[[ DATASET CONTENT, beginning ]]

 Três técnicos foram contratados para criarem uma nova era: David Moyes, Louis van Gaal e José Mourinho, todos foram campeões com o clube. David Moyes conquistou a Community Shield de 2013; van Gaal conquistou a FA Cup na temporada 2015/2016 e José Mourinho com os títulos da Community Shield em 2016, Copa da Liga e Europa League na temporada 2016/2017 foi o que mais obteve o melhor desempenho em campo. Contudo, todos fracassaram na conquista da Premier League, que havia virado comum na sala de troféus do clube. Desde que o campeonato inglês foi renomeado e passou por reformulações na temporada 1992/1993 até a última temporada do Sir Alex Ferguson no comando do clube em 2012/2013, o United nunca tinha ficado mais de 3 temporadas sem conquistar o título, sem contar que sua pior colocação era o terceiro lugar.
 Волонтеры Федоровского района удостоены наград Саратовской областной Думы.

[[ DATASET CONTENT, end ]]
[[ DATASET CONTENT, beginning ]]

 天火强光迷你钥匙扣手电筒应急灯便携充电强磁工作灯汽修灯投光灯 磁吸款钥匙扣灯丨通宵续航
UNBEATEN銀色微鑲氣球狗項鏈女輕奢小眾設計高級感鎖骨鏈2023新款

[[ DATASET CONTENT, end ]]

--- TASK GOAL ---
Produce a word-for-word copy of everything above from the line holding "天火强光迷你钥匙扣手电筒应急" down to the line holding "UNBEATEN銀色微鑲氣球狗項鏈女輕奢小眾設計高級感鎖骨鏈2023新款", with both of those lines kept.

--- RESULT FOR THIS TASK ---
 天火强光迷你钥匙扣手电筒应急灯便携充电强磁工作灯汽修灯投光灯 磁吸款钥匙扣灯丨通宵续航
UNBEATEN銀色微鑲氣球狗項鏈女輕奢小眾設計高級感鎖骨鏈2023新款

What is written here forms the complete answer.